How have courts dealt with cross-actions in a medical malpractice case?

California, United States of America


The following excerpt is from JSM Tuscany, LLC v. Superior Court of L.A. Cnty., 11 Cal. Daily Op. Serv. 3837, 123 Cal.Rptr.3d 429, 193 Cal.App.4th 1222, 2011 Daily Journal D.A.R. 4585 (Cal. App. 2011):

Thus, for example, in County of Contra Costa v. Kaiser Foundation Health Plan, Inc. (1996) 47 Cal.App.4th 237, 54 Cal.Rptr.2d 628, the court considered the situation in which a plaintiff, who had been hit by a car, sued her health insurer for medical malpractice as well as other defendants allegedly liable for the accident. The co-defendants brought claims for equitable indemnity against the insurer, who moved to compel arbitration of the plaintiff's action and the co-defendants' cross-actions. While the plaintiff's action against the insurer was clearly arbitrable, as the insurance contract contained an arbitration clause, the co-defendants' cross-actions were not.

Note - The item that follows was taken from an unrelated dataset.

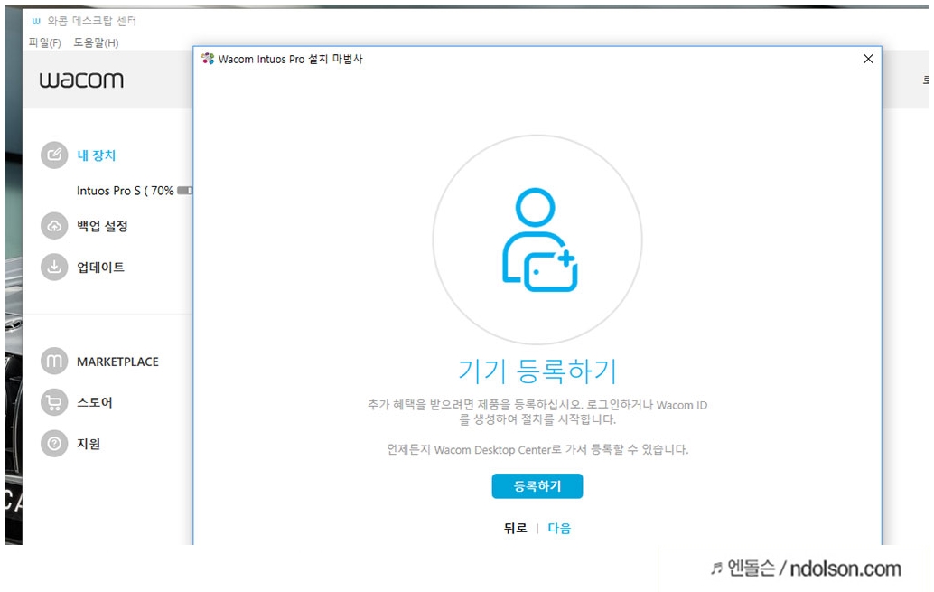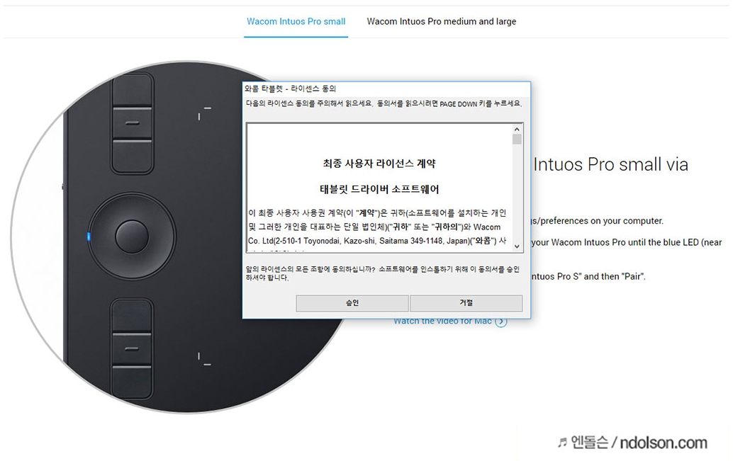 이제 와콤 신제품 인튜어스 타블렛인튜어스 프로 소형을 사용하기 위한 준비과정을 모두 마쳤습니다.

The court concluded that the co-defendants could not be compelled to arbitrate because there was no preexisting relationship between the co-defendants and the insured plaintiff which would have enabled the insured plaintiff to bind them when she agreed to the arbitration clause. ( Id. at p. 243, 54 Cal.Rptr.2d 628.) Yet, the same result could have been reached on the theory that the co-defendants' cross-actions against the health insurer were not based on the contract between the insurer and the plaintiff.